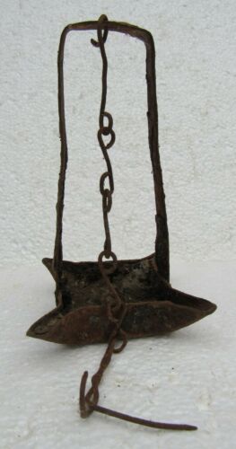 Title (ebay affiliate link): Early Antique Hand Forged 4 Spout Wrought Iron Hanging Betty Grease Lamp Light
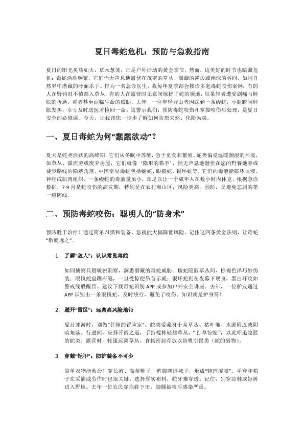 夏季毒蛇咬伤的预防及救治
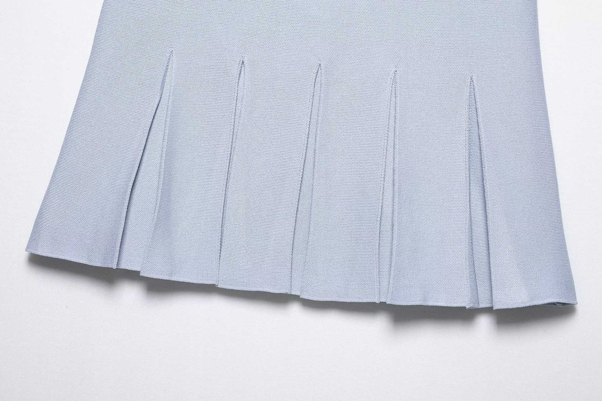 6311-2025 새로운 여성 유럽과 미국 스타일의 솔리드 컬러 다목적 와이드 플리츠 니트 미니 스커트 짧은 스커트스토어 가기

- _Instructions for the task_
Reproduce the entire listing above precisely, but keep the images out.

- _Task response_
 Title (ebay affiliate link): Early Antique Hand Forged 4 Spout Wrought Iron Hanging Betty Grease Lamp Light
 夏季毒蛇咬伤的预防及救治
 6311-2025 새로운 여성 유럽과 미국 스타일의 솔리드 컬러 다목적 와이드 플리츠 니트 미니 스커트 짧은 스커트스토어 가기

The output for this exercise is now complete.